Launching HPL jobs on a DGX cluster through a workload management system such as Slurm is not as trivial as one would like it to be. For this reason, we will use a helper utility that was created by Alex Volkov of NVIDIA. It can be found obtained from GitHub as follows:

cd ~
git clone https://github.com/Bright-Computing/dgx-hpl

Inside of the ~/dgx-hpl directory you will find a directory containing HPL.dat input files and two job scripts for Slurm:

hpl-singularity-dgx-a100-mN_orte.sub
hpl-singularity-dgx-a100-mN_pmi.sub

The difference between these two job scripts is the method they use for starting parallel tasks. The first script uses Open Run-Time Environment (ORTE) whereas the second script uses PMI (Process Management Interface).
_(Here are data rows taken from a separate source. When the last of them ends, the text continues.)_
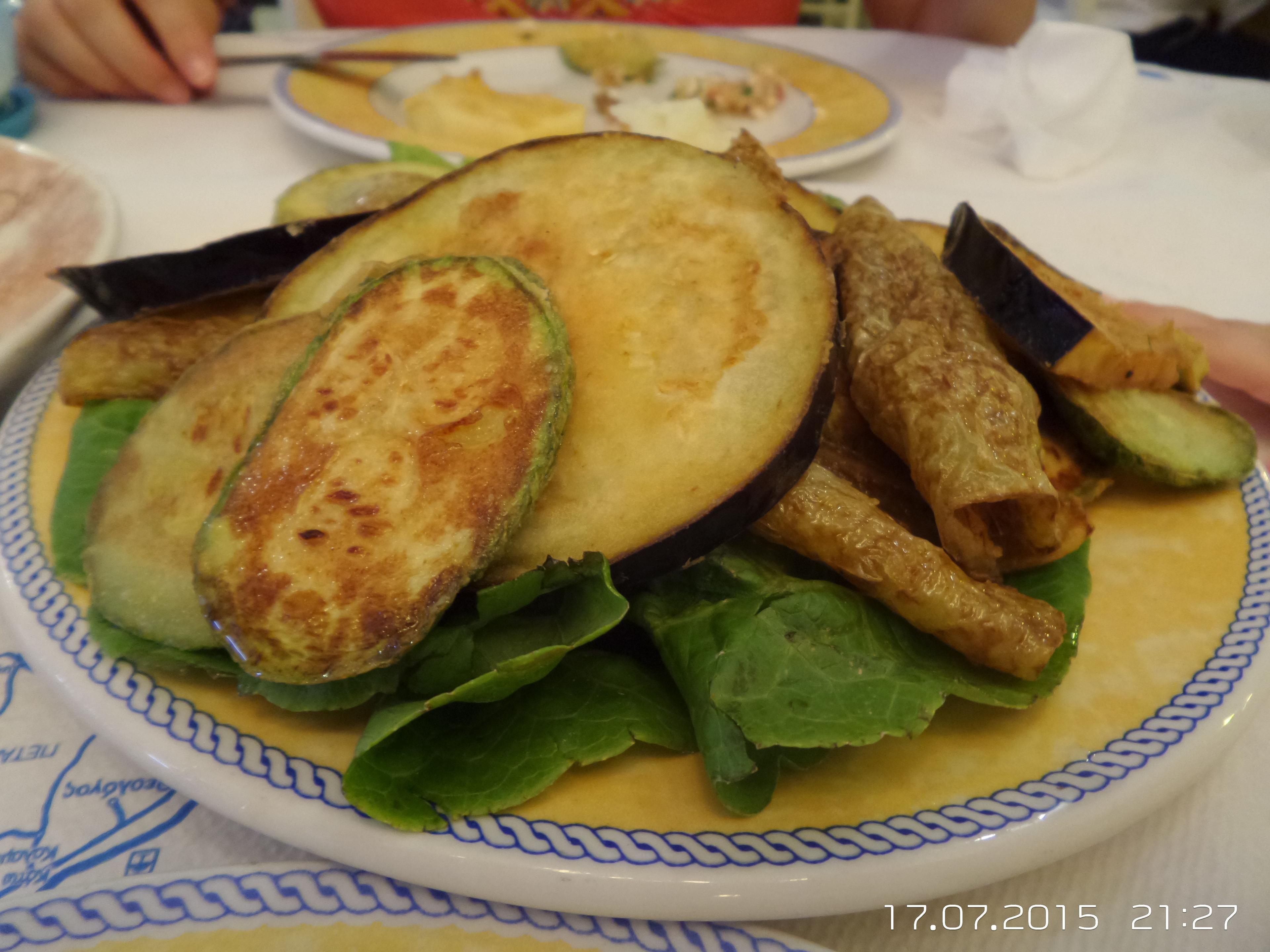 Patlıcan, Kabak, Biber kızartması istedik. Önümüze gelen içine yağ çekmemiş, hafif mısır unu ile yapılmış kocaman kocaman kesilmiş harika bir kızartma oldu. Gerçekten de tadı hala damağımda olan çok güzel bir lezzetti. Hatta Yüksel, balığı gelmiş olmasına rağmen hala kızartmanın peşinde koşuyordu.
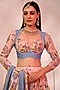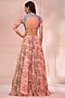 Featuring a blush peach tiered lehenga in chiffon base. It is paired with a matching chanderi and chiffon gathered blouse and a chanderi dupatta.
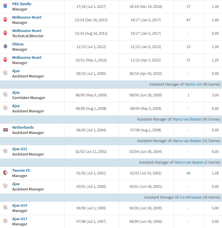 У ван 'т Схіпа, на рахунку якого понад 300 матчів за Аякс в якості гравця, вже був досвід роботи у цьому клубі. Він кілька разів асистував очільникам амстердамців, а одного разу навіть керував командою в якості виконувача обов'язків головного тренера.
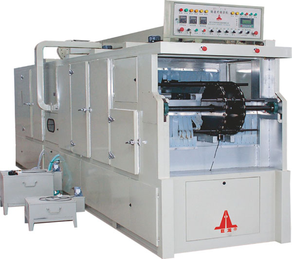 適用于電動(dòng)車輪鼓電機(jī)線圈預(yù)熱、滾漆,烘干的專用設(shè)備。本機(jī)采用三菱PLC可編程控制,進(jìn)口變頻器調(diào)速,氣動(dòng)與機(jī)械相結(jié)合的結(jié)構(gòu),采用鏈輪旋轉(zhuǎn)運(yùn)動(dòng),使鏈條產(chǎn)生步進(jìn)運(yùn)動(dòng),定位輸送,邊轉(zhuǎn)邊滾,移位準(zhǔn)確,多段數(shù)字控溫,定漆液面定時(shí)定次滾漆,操作簡單,生產(chǎn)效率高。

The ORTE version requires that ssh login to the relevant nodes is allowed, and that all relevant hosts are listed in the ~/.ssh/known_hosts file (which can easily be accomplished by running e.g. pdsh -a uptime).

It is recommended to use the PMI version, unless there is a specific reason for using the ORTE version.

Pre-launch checks

Whether the HPL run is going to be successful and will yield the right performance depends largely on whether the nodes are configured correctly. The following checks can be performed on all nodes to make catch issues before attempting to do an HPL run.

OFED stack

Make sure that you have deployed the Mellanox OFED stack on the software image that was used to deploy the DGX nodes. At the time of writing, the recommended Mellanox OFED stack is version 5.1 (although 5.2 is currently also available).

[root@dgx-01 ~]# ofed_info | head -1
MLNX_OFED_LINUX-5.1-2.5.8.0 (OFED-5.1-2.5.8):

NVIDIA driver

Make sure that you are using the correct version of the NVIDIA driver that is recommended for use on DGX nodes. At the time of writing this is version 450. Newer drivers are not necessarily going to work.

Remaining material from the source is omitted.